Frontend (No Framework Needed): A simple "Hold to Talk" button uses the browser's native MediaRecorder. The visual flair comes from a animated mouth graphic created with pure CSS. Vite keeps the development smooth and the build lean. Why it matters: This radically reduces frontend complexity, bundle size, and development time for this specific use case.
Backend (Fast & Focused): Node.js provides the runtime, but instead of a heavyweight framework, we use Hono. It's fast, lightweight, and perfect for building the simple API endpoints needed to connect the frontend to the AI services. The backend is containerized using Docker, ensuring consistent deployment and simplifying environment management. Why it matters: Hono's minimal footprint combined with Docker keeps the backend nimble, reproducible, and cheap to host (think platforms like Render, where this agent lives), directly supporting the "cost-effective" goal.
AI Brains (Direct API Power): No need for intermediary libraries here. The backend talks directly to OpenAI's APIs for STT, chat completion (the LLM part), and TTS. Why it matters: This cuts out layers of abstraction, making debugging easier and keeping dependencies minimal. While OpenAI APIs have costs, this pay-as-you-go model is often far cheaper and less maintenance-intensive than self-hosting comparable models, especially for projects without massive scale.
Lip Sync (Free & Effective): The visual icing on the cake is Rhubarb Lip Sync. This open-source gem analyzes the final TTS audio generated by OpenAI and creates precise mouth animation cues. Why it matters: It adds significant perceived quality and engagement.

Tradeoffs

Hold-to-Talk vs Real-time Streaming

Our Choice: Hold-to-Talk

Full audio sent after recording completes
Simpler implementation using standard web tech (MediaRecorder, HTTP)
Lower infrastructure costs
Accepts higher latency as trade-off

Trade-offs:

User experiences pause after speaking while:
- Audio uploads
- Speech-to-text processes
- LLM generates response
- Text-to-speech generates audio
No real-time conversation capabilities
Cannot start responding before user finishes speaking
No barge-in support (interrupting the agent)

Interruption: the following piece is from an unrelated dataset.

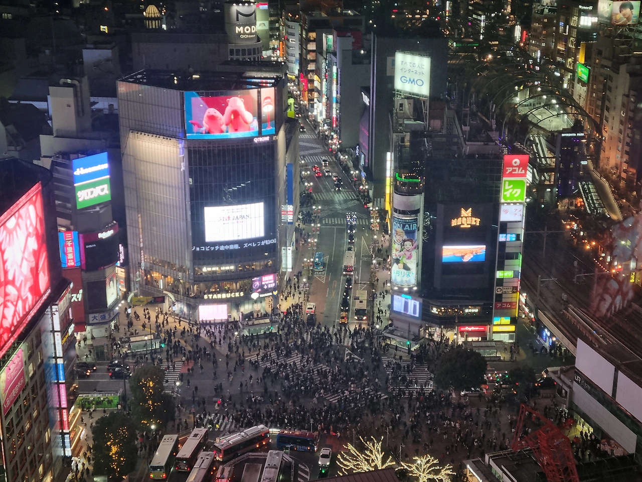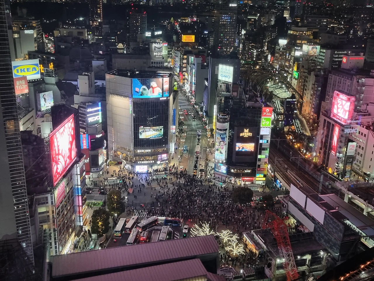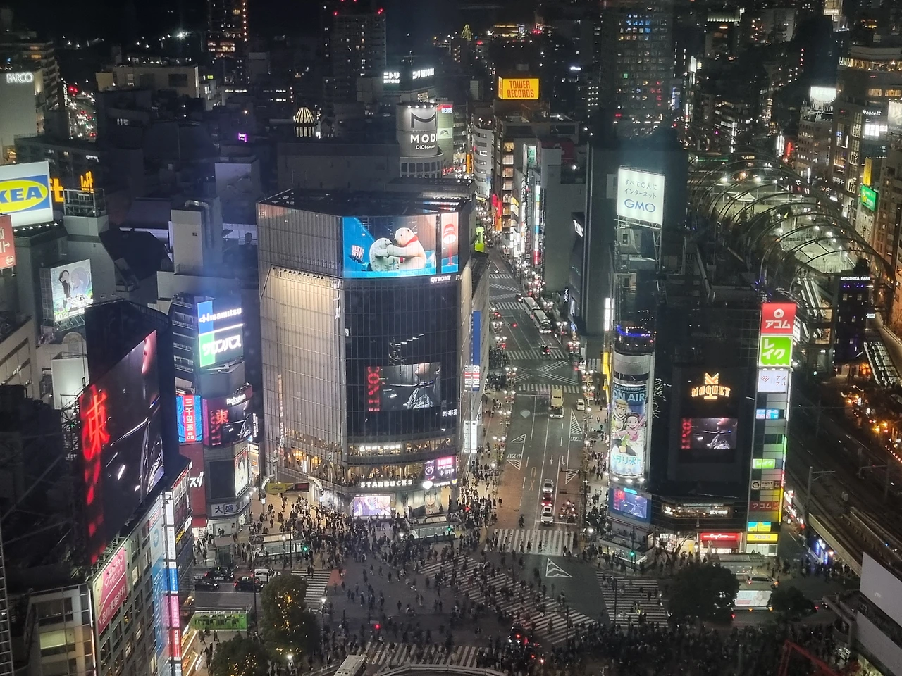계속 뇌를 빼고 애들이 안내하는 곳으로 다니다가, 갑자기 타임 스퀘어보다 유동 인구가 많은 시부야역에 내던져지니 마치 인간은 세계에 내던져진 존재라는 하이데거의 말이 떠올랐다(진짜임). 처음에는 인파에 휩쓸려 이리 저리 다녔는데, 정신을 차리고 어떻게라도 야경을 봐야겠다는 생각이 들어서 구글에 몇 개 찾아보던 도중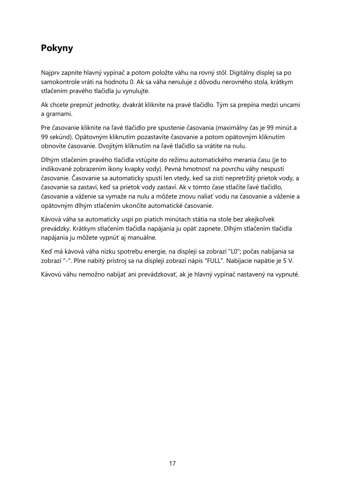 Kávovú váhu nemožno nabíjať ani prevádzkovať, ak je hlavný vypínač nastavený na vypnuté.

Why Not Real-time Streaming?

Would enable faster, more conversational responses
Could start TTS before user finishes speaking
Allows barge-in functionality
BUT requires:
- More complex frontend/backend logic
- Persistent connections (WebRTC)
- Higher server load
- More infrastructure costs

For our goal of building a lean, accessible agent, Hold-to-Talk's simplicity was the pragmatic choice despite the latency trade-off.

When to Scale Up

While this lean approach works excellently for many use cases, there are scenarios where you'll need more complexity:

High Traffic: When handling thousands of concurrent users, you'll need proper load balancing and scaling infrastructure
Complex Interactions: For multi-turn conversations with context memory, you might need session management and more sophisticated state handling
Custom AI Models: If you need specialized capabilities not available via API, you'll have to handle model deployment and infrastructure
Strict Privacy Requirements: When data can't leave your servers, you'll need to self-host models and handle all processing internally

Conclusion

This project demonstrates that building an engaging voice AI doesn't require complex frameworks, massive models, or intricate architectures. By focusing on core functionality and choosing pragmatic technologies, we created a responsive, cost-effective voice agent that:

Works Well: Handles the complete voice interaction loop smoothly
Stays Light: Minimal dependencies and straightforward code
Costs Less: Both in development time and running expenses
Maintains Quality: Delivers a polished user experience

The key lesson? Start simple. Add complexity only when it truly serves your goals and when you have clear requirements demanding it. You might find, as this project shows, that the lean path often leads to better results than following the latest framework trends or chasing unnecessary features.

Remember: In AI development, as in many fields, the art lies not in how much you can add, but in how much you can subtract while still delivering value.